Since the battery patch, my battery life has been 10X better!!!


----------



## johnleo (Nov 28, 2011)

Better than cm7, I think.


----------



## devindreb (Sep 21, 2011)

easily 10x better!!! I am on second day from one charge. much like battery life is on webos.


----------



## Turdbogls (Jun 7, 2011)

Absolutely better. i was on wifi, playing games, downloading apps, web browsing, playing youtube videos setting up my home screens ect. In 3hrs of doing that, i think i dropped 20%. pretty good IMO.


----------



## spoiled11 (Oct 14, 2011)

Sorry not trying to hijack the thread, but you all seems to be successfully running ICS on touchpad so asking here:

Does youtube play using youtube app or in the adobe flash plugin?
Do Netflix videos play?

Thanks.


----------



## darkintragedy (Oct 14, 2011)

spoiled11 said:


> Sorry not trying to hijack the thread, but you all seems to be successfully running ICS on touchpad so asking here:
> 
> Does youtube play using youtube app or in the adobe flash plugin?
> Do Netflix videos play?
> ...


No netflix.

Youtube video plays in the app, but it doesn't play HQ.


----------



## Jotokun (Sep 24, 2011)

robreefer said:


> Since the battery patch, my battery life has been 10X better!!!

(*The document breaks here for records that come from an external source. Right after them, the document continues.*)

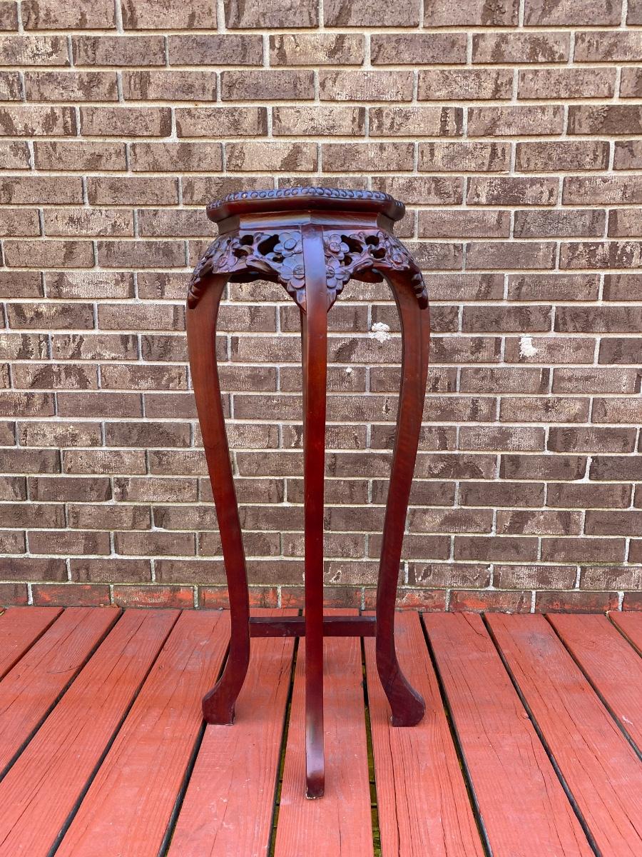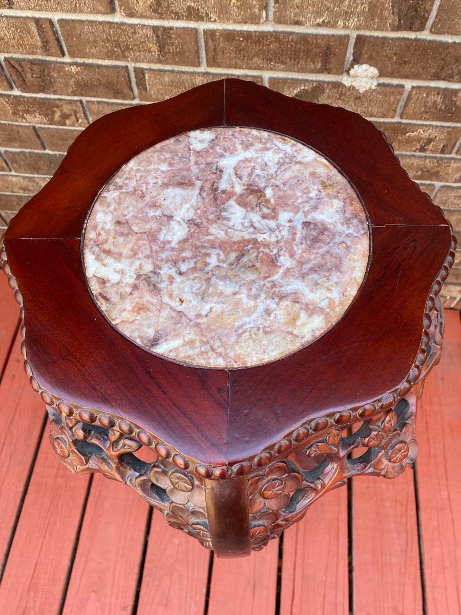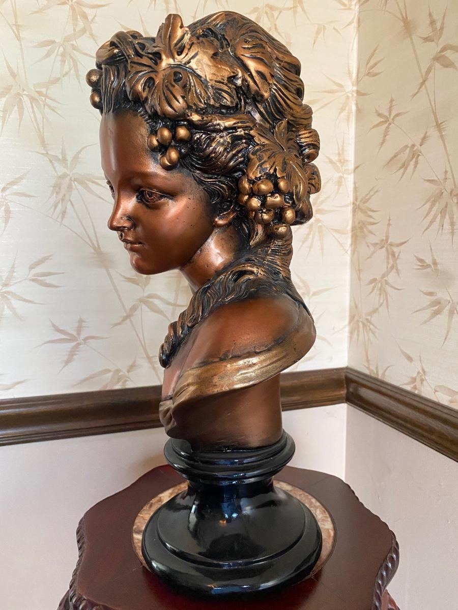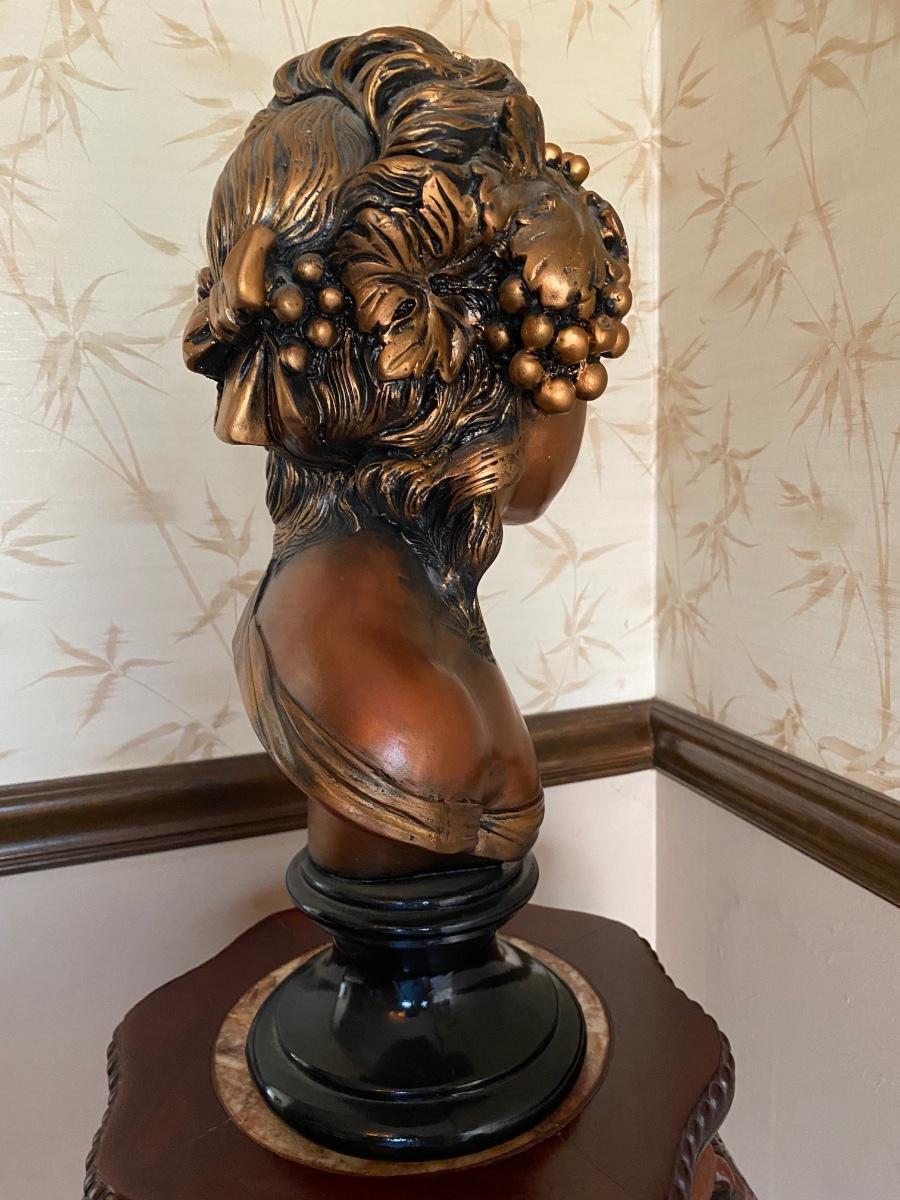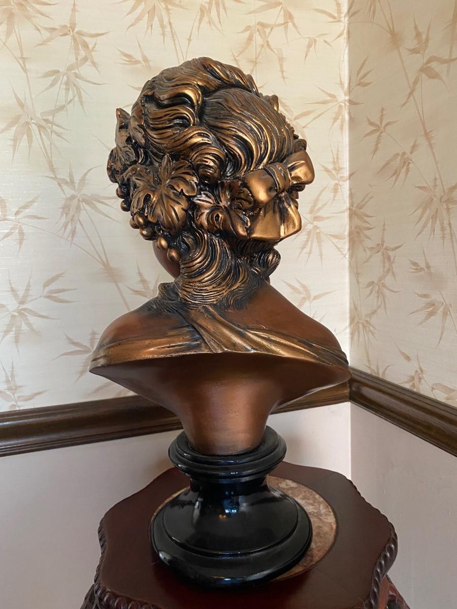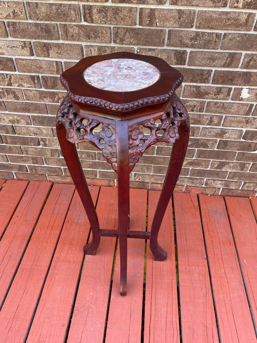 LOT 45C: Home Decor Bronze Bust & Marble Inlaid Carved Plant Stand
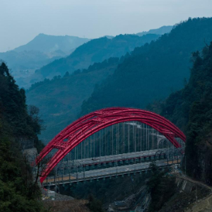 12月27日拍摄的乐西高速五彝湾大桥,它连接五彝湾隧道(左)和田家山隧道(无人机照片)。
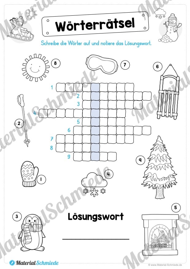 Dieses Materialpaket enthält insgesamt 15 einfache Rätsel zum Thema Winter für Kinder in der 1. und 2. Klasse inkl. Lösungen.
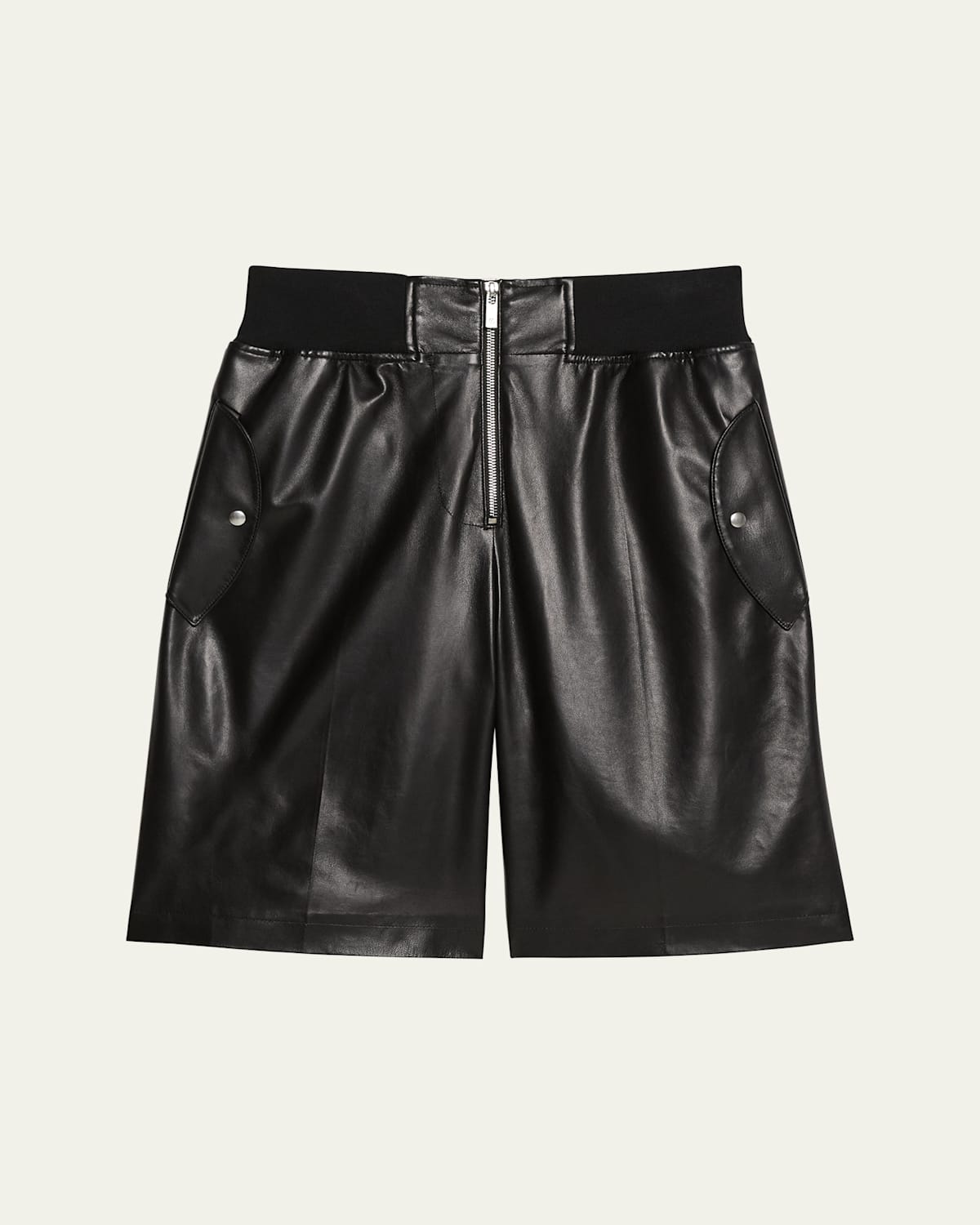 Helmut Lang bomberjacketinspired shorts in soft lambskin leather Approx. 11" rise; 9.5" inseam High rise Elastic waistband Side pockets with snaps; back welt pockets Relaxed fit Kneelength Exposed zipfront Leather Unlined Dry clean Imported
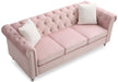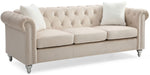 - Faux Jeweled Tufted Design: The Raisa Living Room sofa is adorned with a faux jeweled tufted design on its micro suede velvet cover.
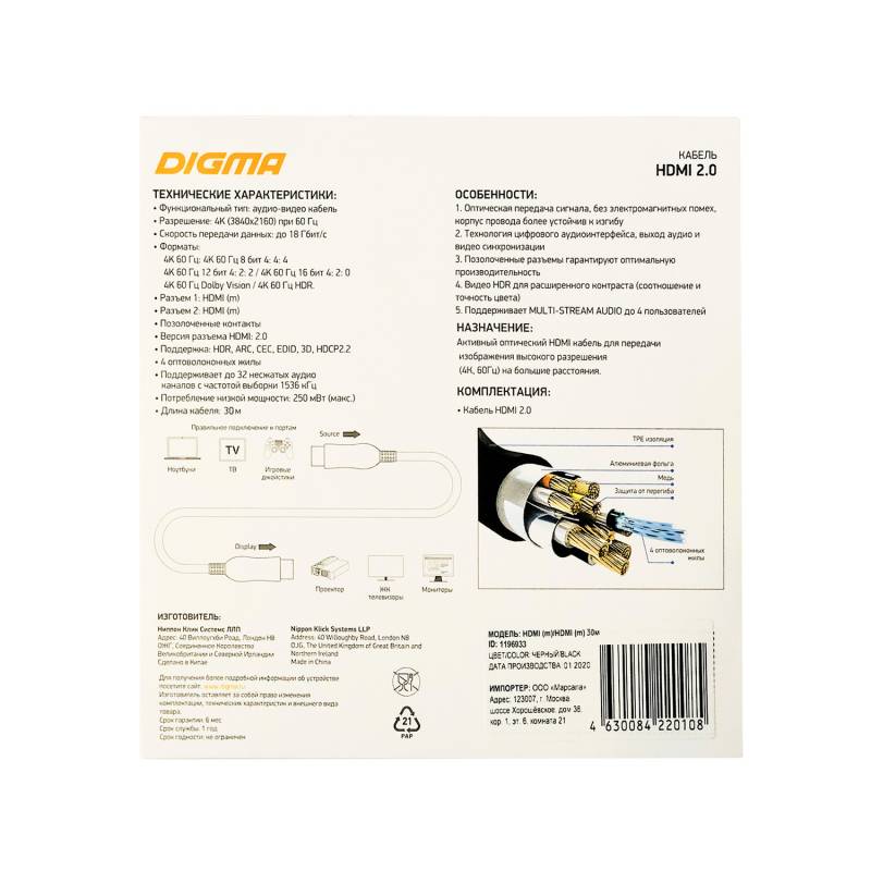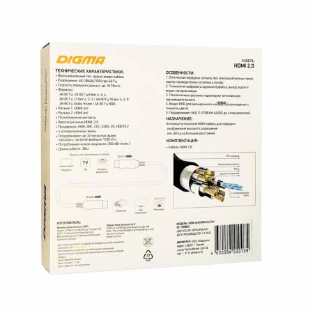 Кабель аудио-видео Digma HDMI 2.0 AOC HDMI (m)/HDMI (m) 30м. позолоч.конт. черный (BHP AOC 2.0-30)

Link to this patch? I'm having difficulty finding it.

So far my battery life is identical to that of CM7 in active use, standby time is slightly better.


----------



## dalingrin (Aug 21, 2011)

Battery life in my experience is the exact same. There are a few things we can do to improve battery life once we get/make a good libaudio.

The battery life fix is actually nothing to do with the battery. It just fixes the charger so that it charges faster.


----------



## robreefer (Oct 19, 2011)

Jotokun said:


> Battery life in my experience is the exact same. There are a few things we can do to improve battery life once we get/make a good libaudio.
> 
> The battery life fix is actually nothing to do with the battery. It just fixes the charger so that it charges faster.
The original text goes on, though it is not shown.